Conservative Christians and LGBTQ Americans Should Not Search for a Compromise August 4, 2018

Conservative Christians and LGBTQ Americans Should Not Search for a Compromise

Julie Rodgers is a Christian who’s had to deal with her fair share of bigotry as an out lesbian (who will be getting married next month). She’s also a former staffer of a group that promoted conversion therapy — it didn’t work — and has since written eloquently about the harm it causes.

So understand that she’s coming from a knowledgeable place when she addresses the question of how conservative Christians and LGBTQ people can find a way to coexist. Very few people have a foot in both communities like she does.

That said, her recent essay in the Washington Post leans too heavily on compromise and not nearly enough on the reality of the situation.

She sets the scene giving both sides the benefit of the doubt:

… In private conversations with conservative Christians and with LGBTQ people, people from both groups usually say they would like to live in a country where all citizens are free to worship according to their conscience and where all citizens are protected from discrimination. If we want to live in a society that offers maximum freedom to as many people as possible, each side will have to give a little.

So far, so good. Rodgers also says there needs to be trust between the two groups (which she admits is lacking right now) and says one side needs to take the first step:

Practically, this means photographers, bakers and tailors would agree to offer services to LGBTQ people, knowing their churches are still free to enforce policies that align with their convictions. It also means LGBTQ people wouldn’t go after the tax-exempt status of Christian institutions that hire according to their beliefs, even when they have policies that insist community members hold theologically traditional views of marriage. And when possible, LGBTQ people would try to respect conservative business owners by seeking out vendors who fully support them. We can coexist in ways that honor and respect those who are different from us, but we can’t do it if we always look for opportunities to provoke and offend.

This is where I lose her. (And only partly because of the straw man that anyone’s going after “the tax-exempt status of Christian institutions.” Churches have the right to preach bigotry. No one’s forcing pastors to perform marriages against their will.)

To be sure, Rodgers says Christians should be the ones taking that first step, and that no resolution will make everybody happy, so both sides have to give something.

But trying to appease both sides is a problem when one side did nothing wrong.

Consider what same-sex couples are requesting: The right to be treated the same way as straight couples. The ability to buy the same products as straight couples. The chance to be seen as humans instead of monsters.
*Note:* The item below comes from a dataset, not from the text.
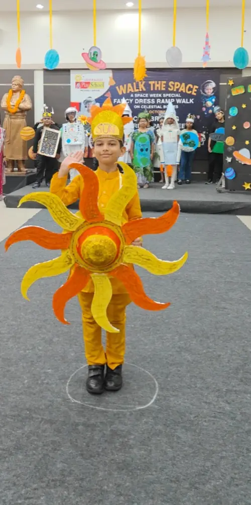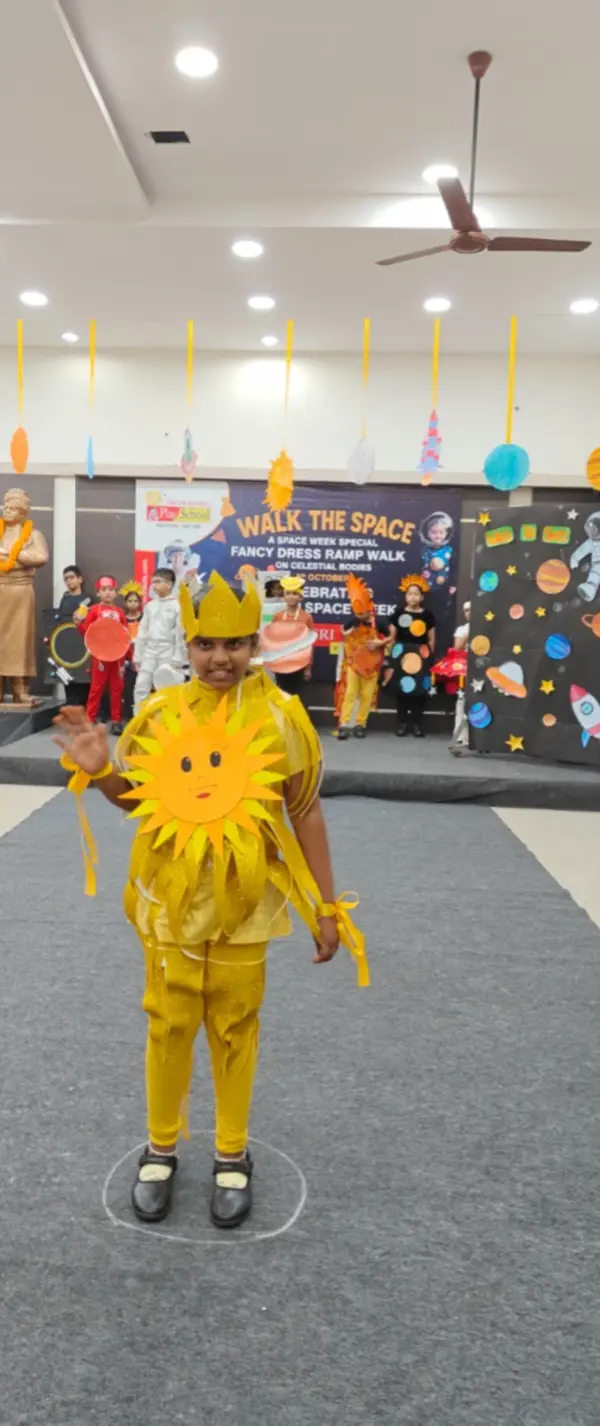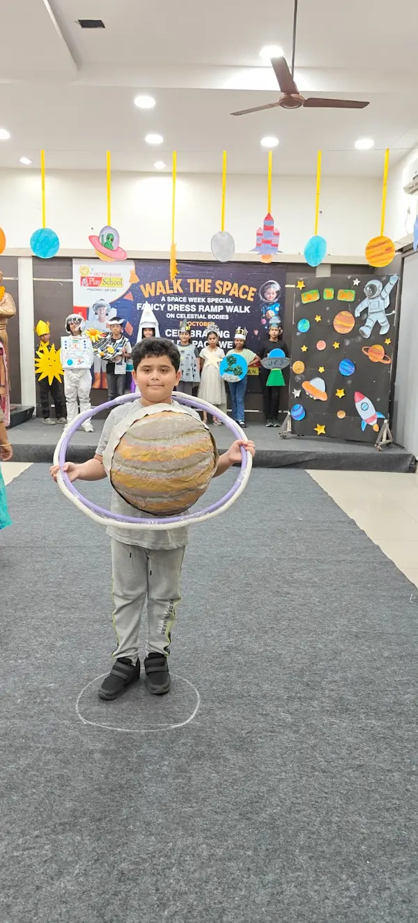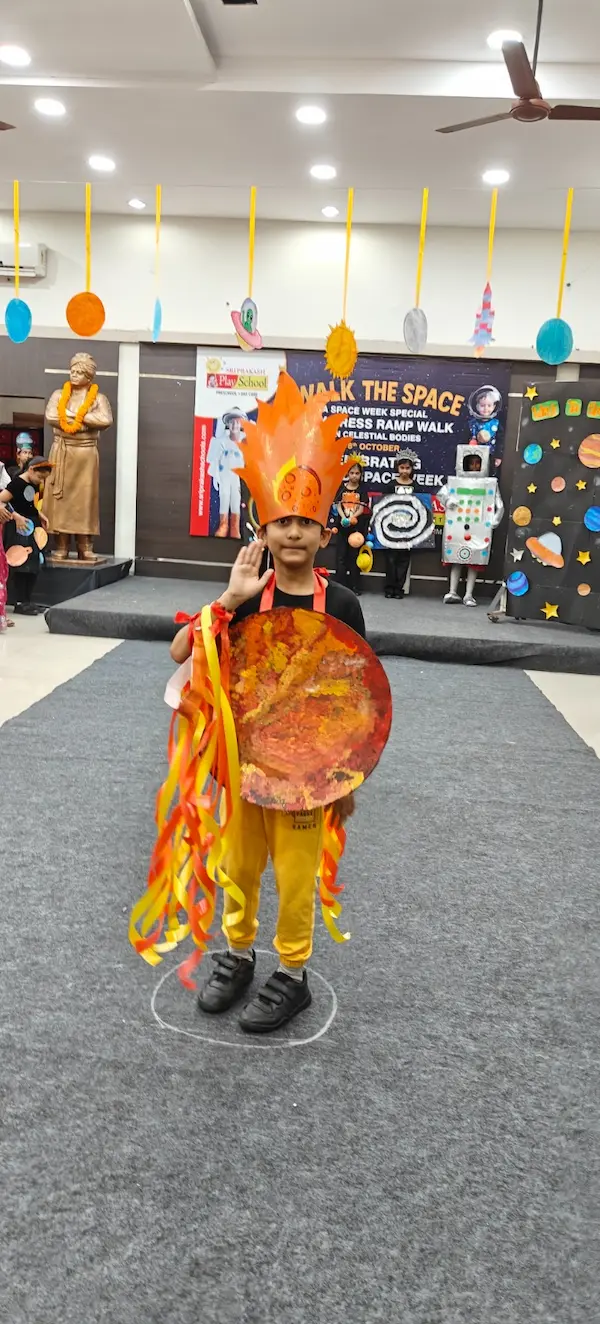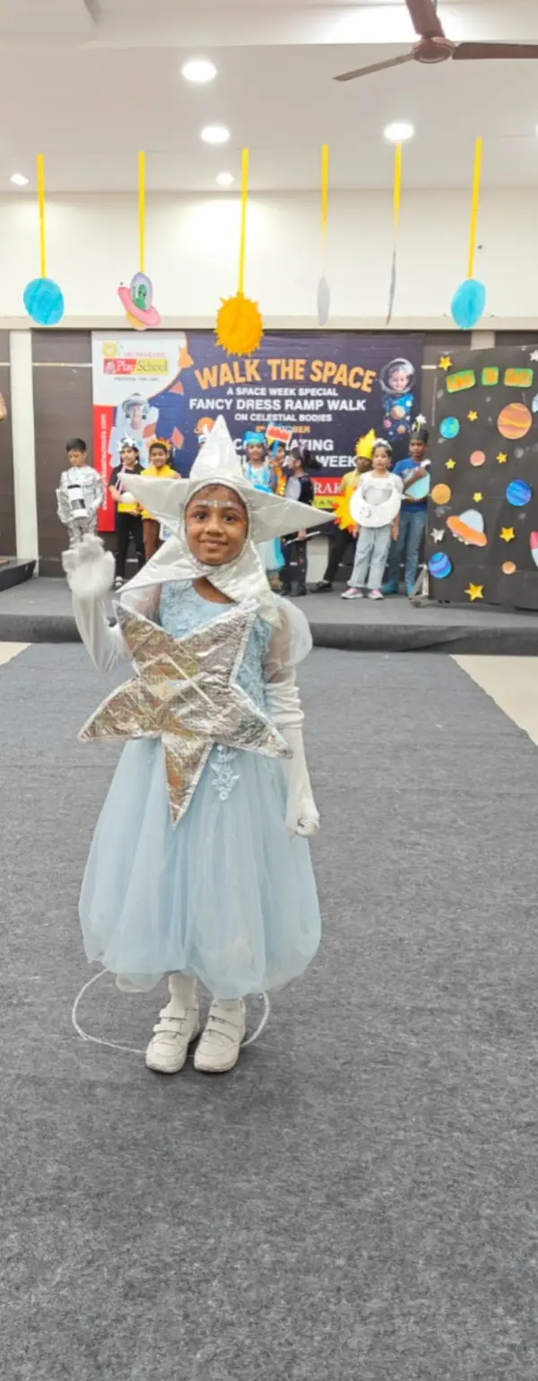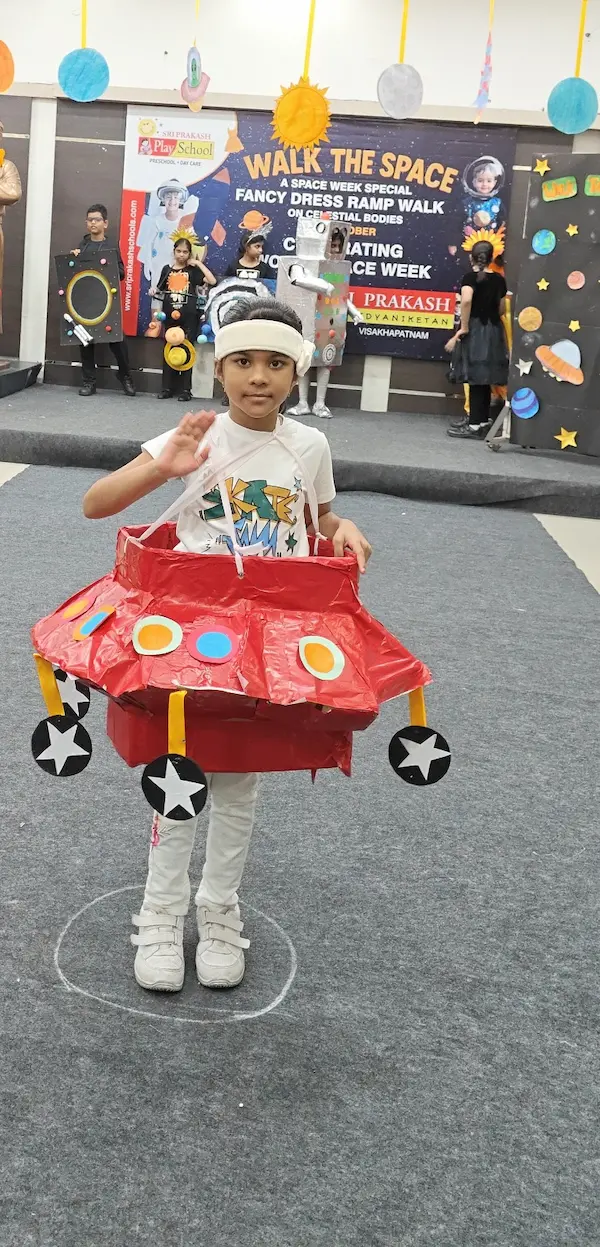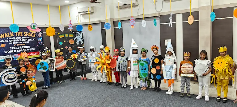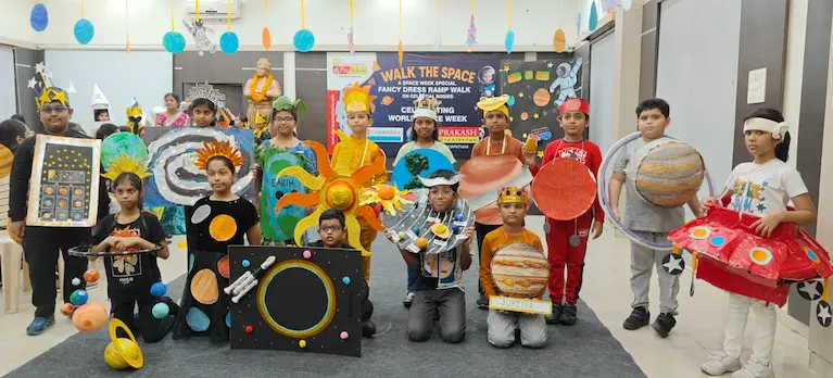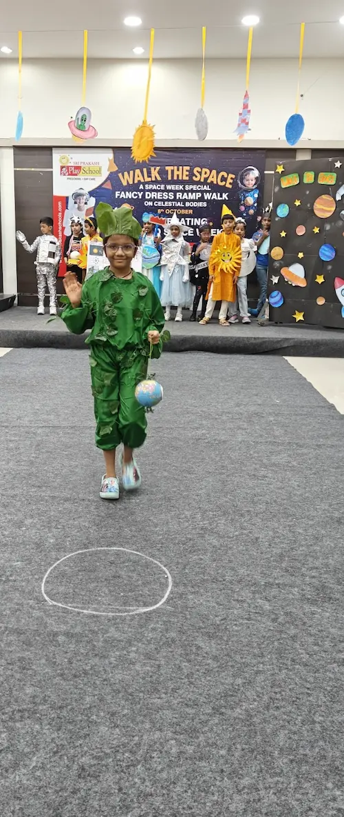 On 8th October 2025, Sriprakash Vidya Niketan, TPT Colony, celebrated World Space Week with a dazzling event titled “Walk the Space – A Fancy Dress Ramp Walk on Celestial Bodies.” The young learners stepped onto the stage dressed as planets, stars, astronauts, rockets, and satellites, showcasing their creativity and enthusiasm for space exploration. Each participant confidently shared interesting facts about their chosen celestial body, filling the atmosphere with excitement and curiosity. The event beautifully combined learning and fun, inspiring students to look beyond the skies and dream of discovering the mysteries of the universe.

What do conservative Christians want? The ability to discriminate. And they do it by pretending that selling a cake to a gay couple makes them an integral part of a wedding they would never be invited to in the first place.

These aren’t two sides of the same coin. They’re different currencies. One group is operating in bad faith — literally — while the other just wants to buy a goddamn cake.

Gay people shouldn’t have to go to another shop while bigoted Christian business owners get to make money in peace. We need to know who those owners are, make sure everyone is away of their bigotry, and shame them out of business for good. They deserve it. And if they don’t treat their customers with basic respect, then no one should feel bad for them when they get sued.

That’s not anti-Christian. That’s anti-hate. Most Christian business owners know the difference. Where they go to church is irrelevant. No one’s asking them to change their beliefs.

We would never ask people fighting for racial equality to seek out businesses that serve everybody while stores with “No Blacks Allowed” signs get to operate without a problem.

We are not going to Kumbaya our way out of faith-based bigotry. To pretend otherwise is completely naive.

We’re not going to find a compromise. The best solution is for decent people to make it clear that they will never belong to a church that promotes discrimination and they will never give money to a business that condones it — to the point where the conservative Christians have no choice but to adapt or lose everything.

They’ve done it before. They’ll do it again. Eventually. When they have no other choice.

As one commenter said, “If an elephant is stepping on the neck of a mouse, you do not ask the mouse to compromise a little. You tell the elephant to get off.”

Rodgers knows all this. Her argument is basically that there’s a stalemate right now, and the status quo isn’t working for anyone, so someone needs to make a move.

I think she has that wrong. It’s not a zero-sum game at all because conservative Christians are losing. LGBTQ Americans are speaking up, allies are joining them, other Christians are leaving conservative churches over this issue, and the conservatives are correctly being perceived as the bad guys.

Just because a few Christian business owners are taken to court doesn’t mean everyone else needs to accommodate their imaginary Jesus-given right to bigot.